**EXCERPTED DATA**
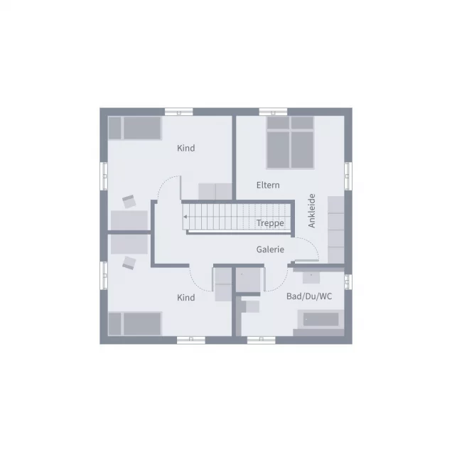 Oben erschließt ein Flur die Schlafräume gleichmäßig entlang des Weges
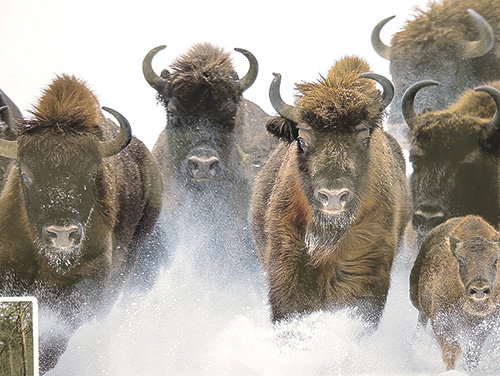 Зубр в Полесском радиационном заповеднике. Животных завезли сюда после чернобыльской аварии. И чувствуют они себя без человека прекрасно. Летом ведут очень скрытый образ жизни, а вот зимой все-таки выходят на подкормочные площадки. Кстати, не так давно на территории заповедника появились и лошади Пржевальского. Пришли с территории Украины, куда были завезены в девяностых годах. Так что зверей в Беларуси стало больше на один вид!
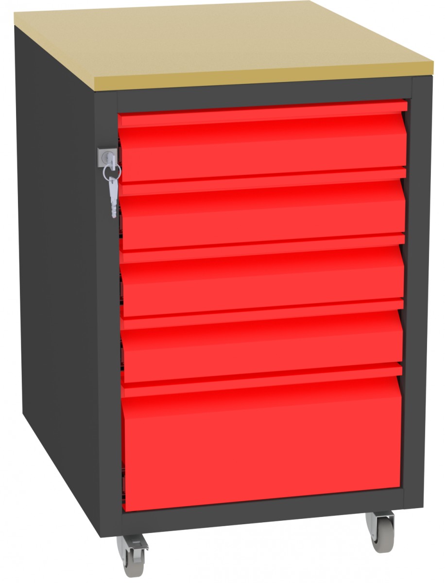 Produktinformationen "Werkstatttisch, Rollcontainer - 1 + 4 Schublade - 675x450x555 mm (HxBxT) - Typ H"
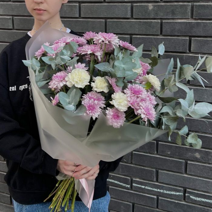11 нежных гвоздик с эвкалиптом
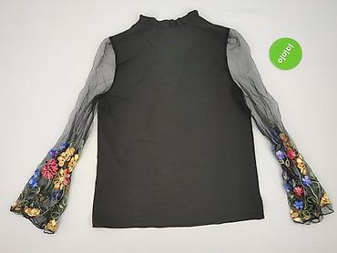 Bluzka damska SHEIN, rozmiar M (EU 38, US 6). - Kolor: czarny - Fason: długi rękaw, lekko wydłużony dół - Dekolt: głęboki, z wszytą wstawką z połyskującej, brokatowej dzianiny (czarne tło z drobnym...
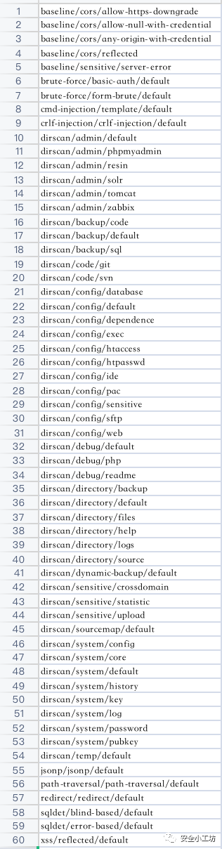 感觉xray花了大量精力来做这个插件,直接分了45个小类,漏洞种类它占了四分之三
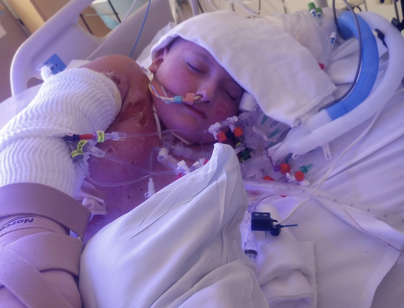 But he was alive, more than a year after a terrifying fire pit accident left him with burns covering 85% of his body.
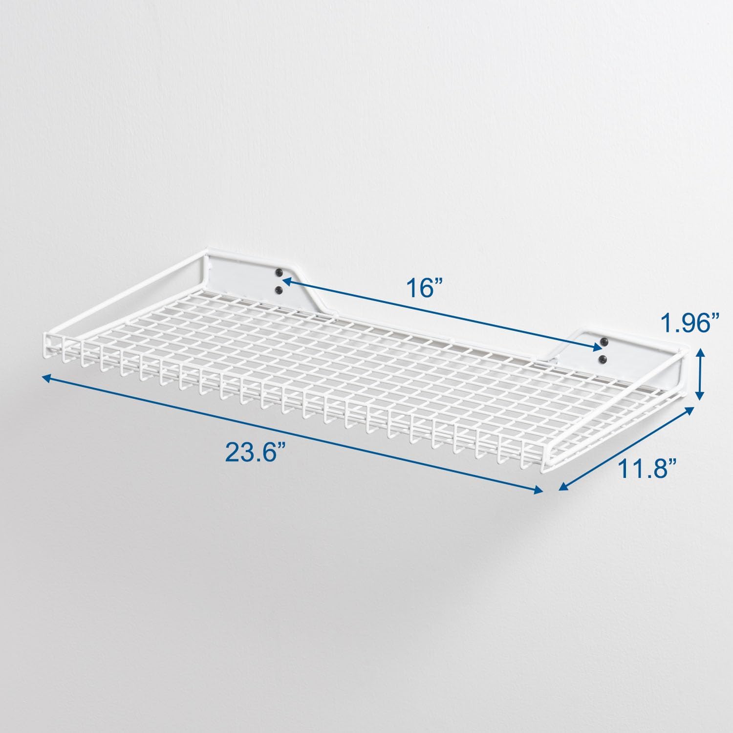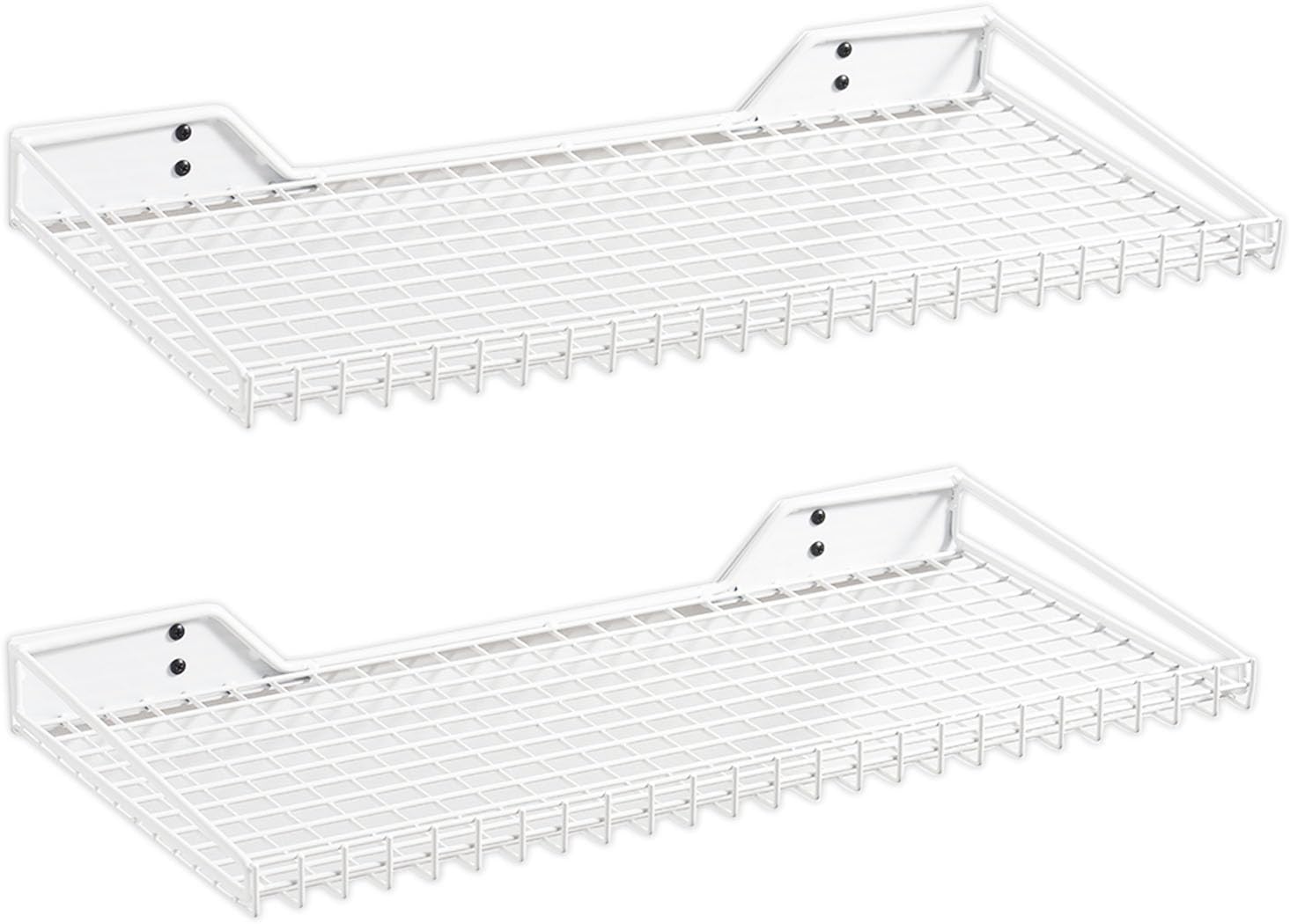 Wallmaster Heavy Duty Garage Wall Shelving 2 Pack 23.6"x11.8" Metal Wire Shelves Wall Mount Mesh Storage Rack for Garage, Office, Basement and Kithcen, max Load 65 lbs (White)
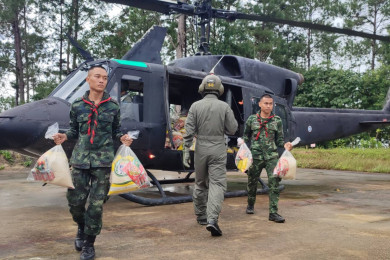 ทบ.ส่งกำลังสนับสนุนทางอากาศ ลำเลียงถุงยังชีพช่วยเหลือผู้ประสบอุทกภัยที่ถูกตัดขาดใน อ.เวียงป่าเป้า จ.เชียงราย
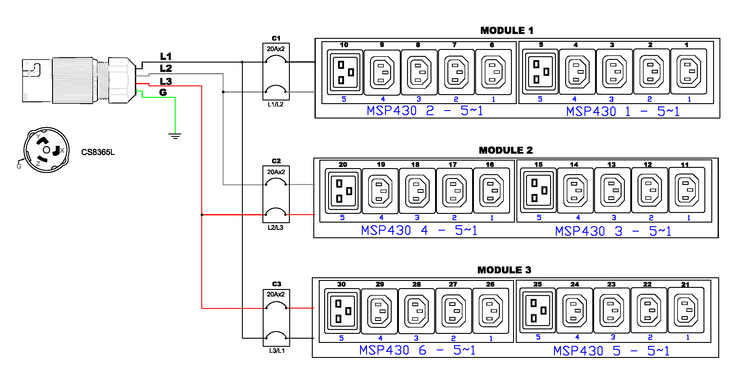 3PH, 208V AC, 50A (35A/PH rated); 30 outlets: 24x C13, 6x C19 PDU
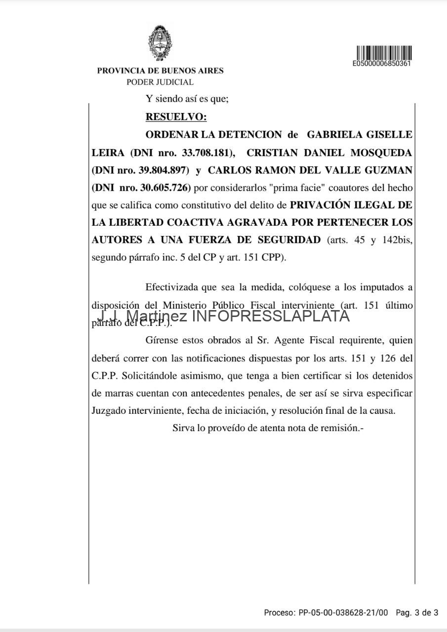 Las detenciones fueron realizadas por Asuntos Internos del Ministerio de Seguridad de la provincia de Buenos Aires tras una denuncia que radica en la Unidad Funcional de Instrucción (UFI) 3 Especializada en Conflictos Sociales del Departamento Judicial La Matanza.

**INSTRUCTIONS TO FOLLOW**
Every entry, word for word, should be given again; the pictures are not part of the copy.

**WRITTEN RESPONSE**
 Oben erschließt ein Flur die Schlafräume gleichmäßig entlang des Weges
 Зубр в Полесском радиационном заповеднике. Животных завезли сюда после чернобыльской аварии. И чувствуют они себя без человека прекрасно. Летом ведут очень скрытый образ жизни, а вот зимой все-таки выходят на подкормочные площадки. Кстати, не так давно на территории заповедника появились и лошади Пржевальского. Пришли с территории Украины, куда были завезены в девяностых годах. Так что зверей в Беларуси стало больше на один вид!
 Produktinformationen "Werkstatttisch, Rollcontainer - 1 + 4 Schublade - 675x450x555 mm (HxBxT) - Typ H"
11 нежных гвоздик с эвкалиптом
 Bluzka damska SHEIN, rozmiar M (EU 38, US 6). - Kolor: czarny - Fason: długi rękaw, lekko wydłużony dół - Dekolt: głęboki, z wszytą wstawką z połyskującej, brokatowej dzianiny (czarne tło z drobnym...
 感觉xray花了大量精力来做这个插件,直接分了45个小类,漏洞种类它占了四分之三
 But he was alive, more than a year after a terrifying fire pit accident left him with burns covering 85% of his body.
 Wallmaster Heavy Duty Garage Wall Shelving 2 Pack 23.6"x11.8" Metal Wire Shelves Wall Mount Mesh Storage Rack for Garage, Office, Basement and Kithcen, max Load 65 lbs (White)
 ทบ.ส่งกำลังสนับสนุนทางอากาศ ลำเลียงถุงยังชีพช่วยเหลือผู้ประสบอุทกภัยที่ถูกตัดขาดใน อ.เวียงป่าเป้า จ.เชียงราย
 3PH, 208V AC, 50A (35A/PH rated); 30 outlets: 24x C13, 6x C19 PDU
 Las detenciones fueron realizadas por Asuntos Internos del Ministerio de Seguridad de la provincia de Buenos Aires tras una denuncia que radica en la Unidad Funcional de Instrucción (UFI) 3 Especializada en Conflictos Sociales del Departamento Judicial La Matanza.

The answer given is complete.